● Collected data
• • • • •
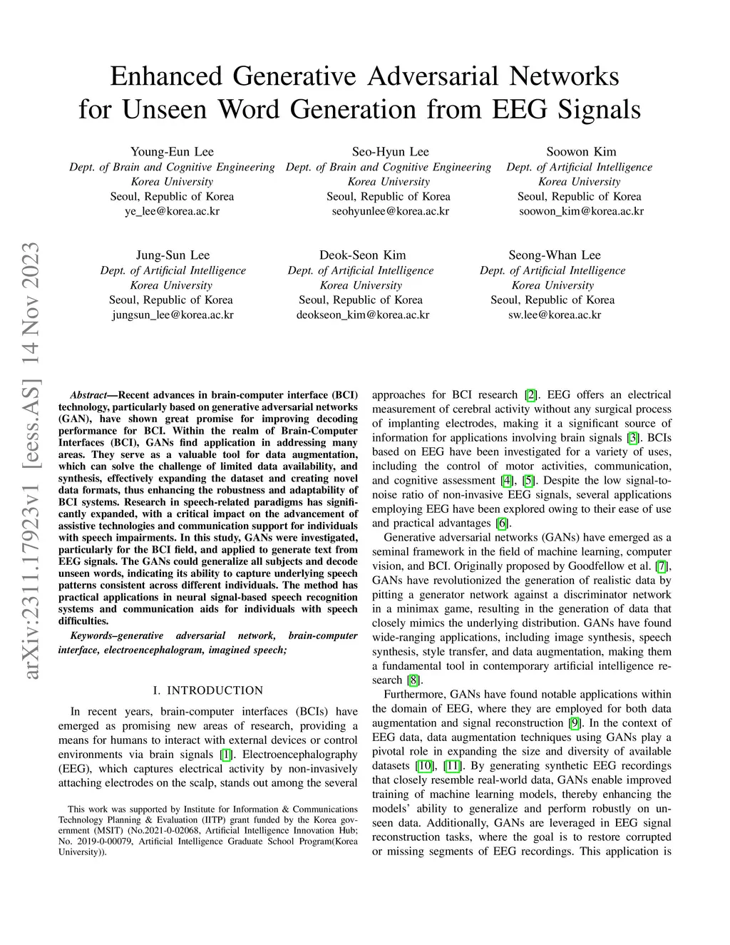 Recent advances in brain-computer interface (BCI) technology, particularly based on generative adversarial networks (GAN), have shown great promise for improving decoding performance for BCI. Within the realm of Brain-Computer Interfaces (BCI), GANs find application in addressing many areas. They serve as a valuable tool for data augmentation, which can solve the challenge of limited data availability, and synthesis, effectively expanding the dataset and creating novel data formats, thus enhancing the robustness and adaptability of BCI systems. Research in speech-related paradigms has significantly expanded, with a critical impact on the advancement of assistive technologies and communication support for individuals with speech impairments. In this study, GANs were investigated, particularly for the BCI field, and applied to generate text from EEG signals. The GANs could generalize all subjects and decode unseen words, indicating its ability to capture underlying speech patterns consistent across different individuals. The method has practical applications in neural signal-based speech recognition systems and communication aids for individuals with speech difficulties.
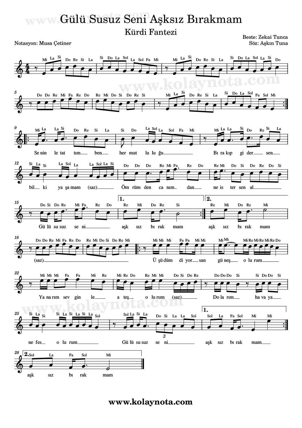 Keman, Ud, Flüt, Melodika, Org Notaları. Gülü Susuz Seni Aşksız Bırakmam ya da bilinen diğer adıyla “Seninle Tattım Ben Her Mutluluğu“. Sözleri Aşkın Tuna, bestesi Zekai Tunca‘ya ait olan bir eser. Kürdi makamında bir şarkı. La Karar sesinde kolay notasını hazırladım. Nota isimleri notaların üzerinde yazıyor.
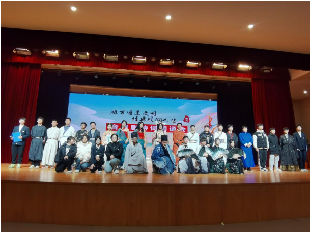 13日下午,由基础教学部主办,语文教研室承办的“雅言传承文明,经典浸润人生”音舞剧诗词朗诵会在学校大礼堂举办。来自信息管理学院、交通工程学院和机电工程学院的200余名学生,在这场活动中共同领略诗词的华彩之美浸润感受诗词的魅力
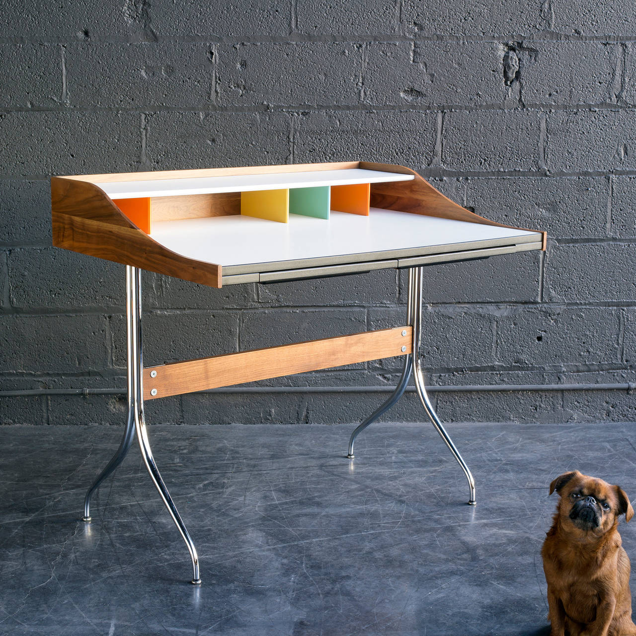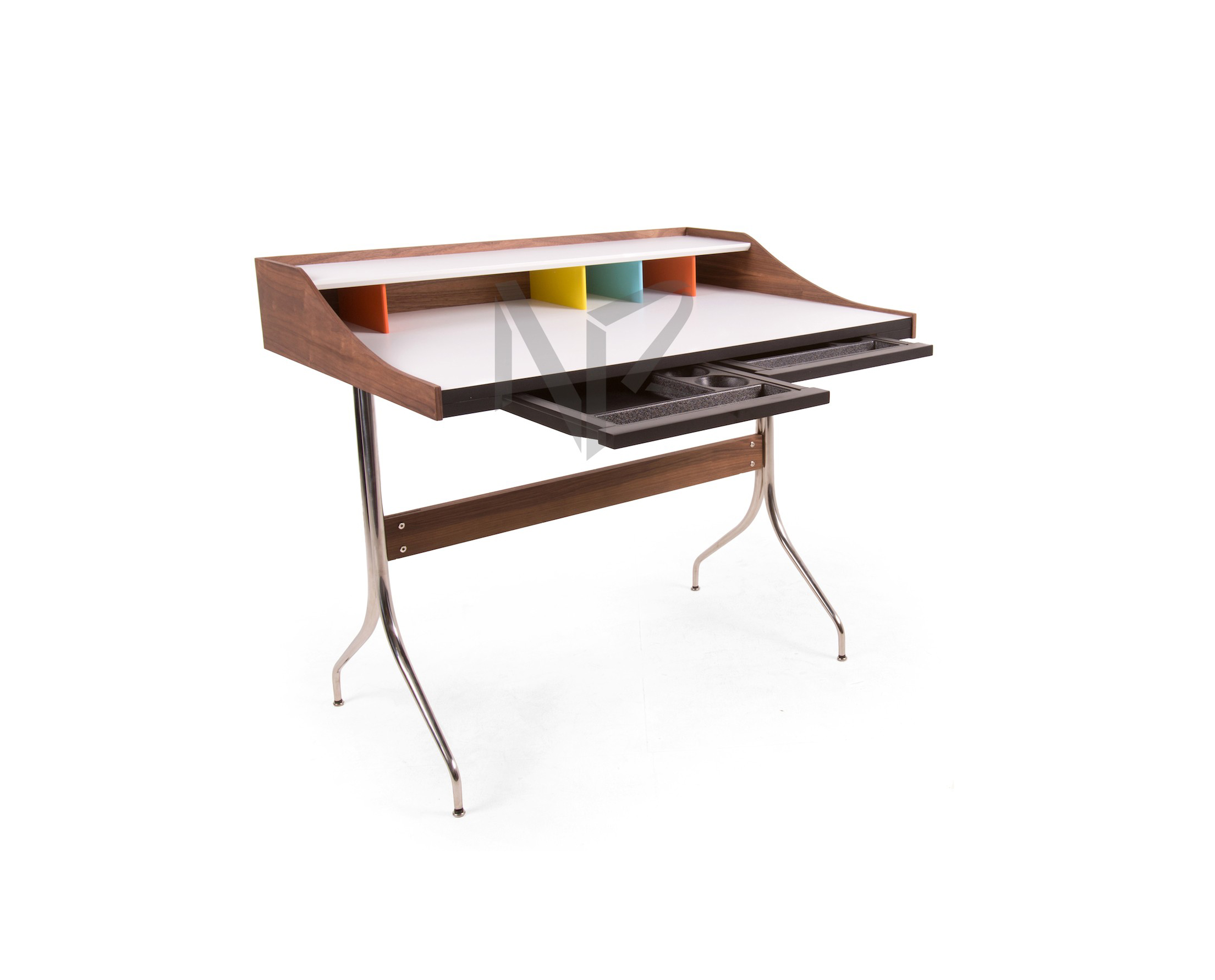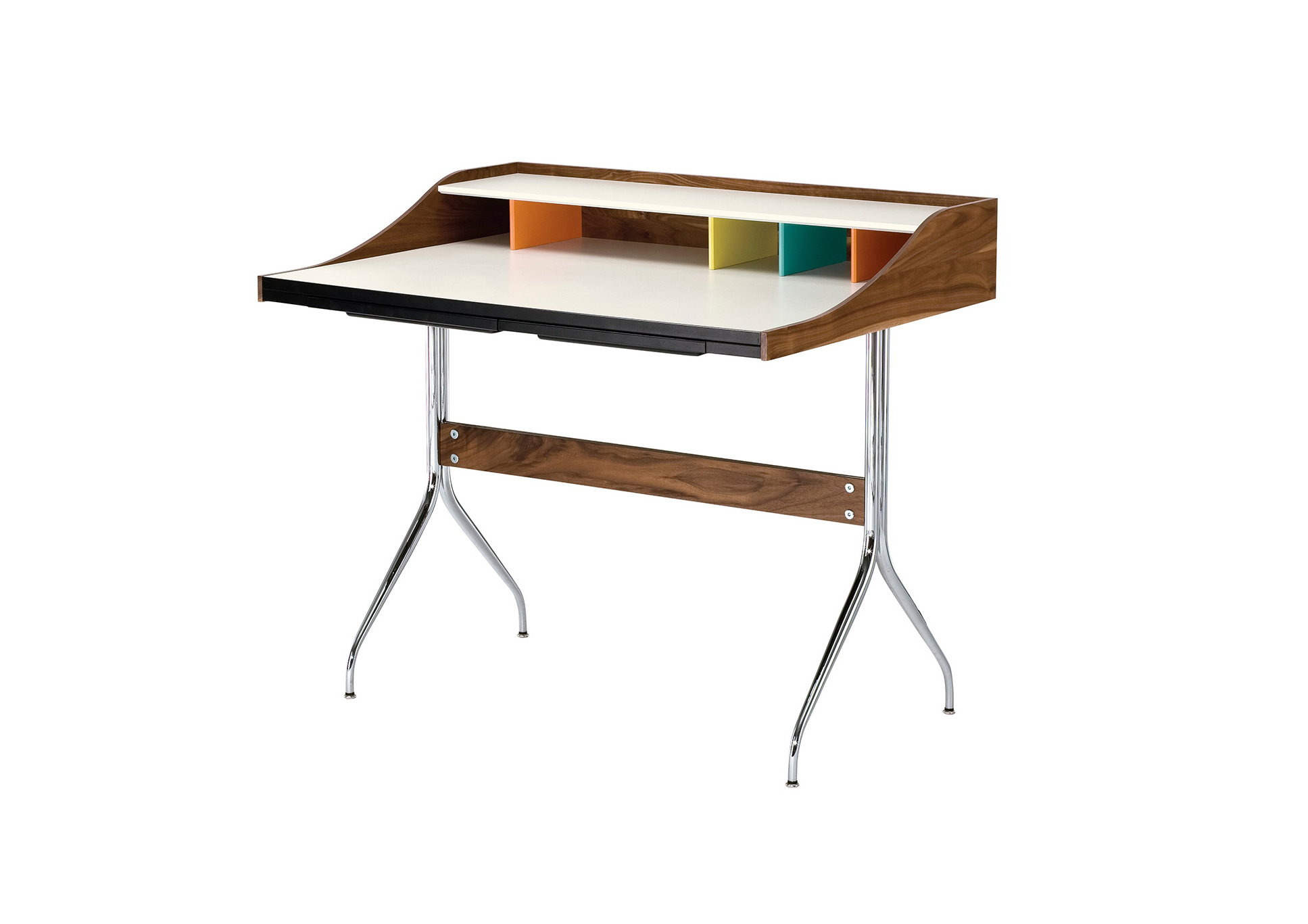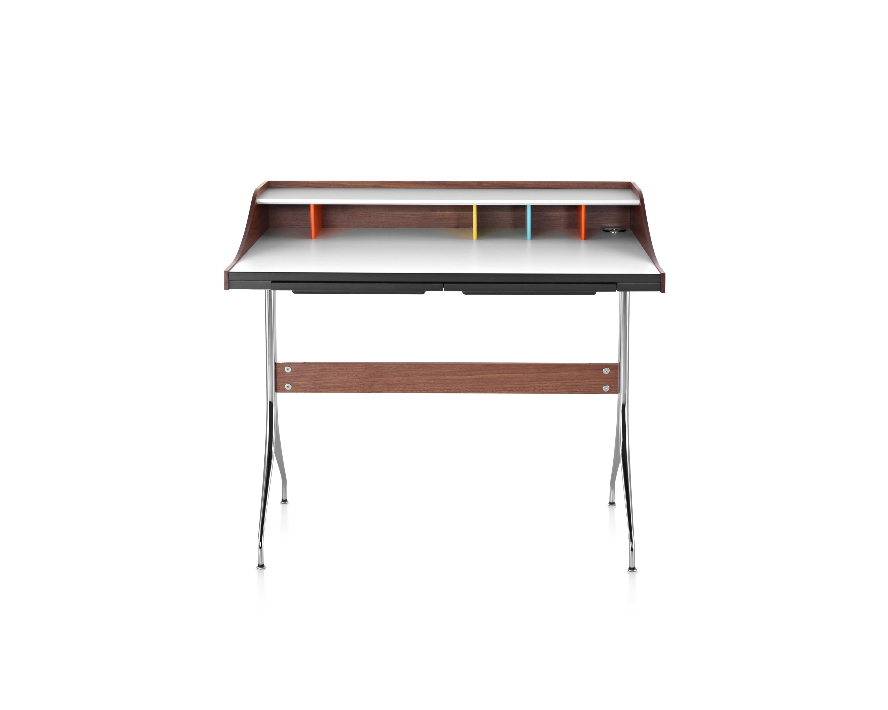 在George Nelson设计出Nelson swag leg系列产品50年后重新推出这款经典产品,主要是因为不管是其外观、尺寸还是功能都非常符合现代顾客的要求。这款办公桌的尺寸非常适合放置笔记本电脑或移动设备底座,并且能有效地利用您家里或办公室的空间。这一系列产品是办公室、会议室和饭厅的理想选择。
• • • • •
● Work to complete
Copy out the data exactly and keep the pictures out.

● Response area
 Recent advances in brain-computer interface (BCI) technology, particularly based on generative adversarial networks (GAN), have shown great promise for improving decoding performance for BCI. Within the realm of Brain-Computer Interfaces (BCI), GANs find application in addressing many areas. They serve as a valuable tool for data augmentation, which can solve the challenge of limited data availability, and synthesis, effectively expanding the dataset and creating novel data formats, thus enhancing the robustness and adaptability of BCI systems. Research in speech-related paradigms has significantly expanded, with a critical impact on the advancement of assistive technologies and communication support for individuals with speech impairments. In this study, GANs were investigated, particularly for the BCI field, and applied to generate text from EEG signals. The GANs could generalize all subjects and decode unseen words, indicating its ability to capture underlying speech patterns consistent across different individuals. The method has practical applications in neural signal-based speech recognition systems and communication aids for individuals with speech difficulties.
 Keman, Ud, Flüt, Melodika, Org Notaları. Gülü Susuz Seni Aşksız Bırakmam ya da bilinen diğer adıyla “Seninle Tattım Ben Her Mutluluğu“. Sözleri Aşkın Tuna, bestesi Zekai Tunca‘ya ait olan bir eser. Kürdi makamında bir şarkı. La Karar sesinde kolay notasını hazırladım. Nota isimleri notaların üzerinde yazıyor.
 13日下午,由基础教学部主办,语文教研室承办的“雅言传承文明,经典浸润人生”音舞剧诗词朗诵会在学校大礼堂举办。来自信息管理学院、交通工程学院和机电工程学院的200余名学生,在这场活动中共同领略诗词的华彩之美浸润感受诗词的魅力
 在George Nelson设计出Nelson swag leg系列产品50年后重新推出这款经典产品,主要是因为不管是其外观、尺寸还是功能都非常符合现代顾客的要求。这款办公桌的尺寸非常适合放置笔记本电脑或移动设备底座,并且能有效地利用您家里或办公室的空间。这一系列产品是办公室、会议室和饭厅的理想选择。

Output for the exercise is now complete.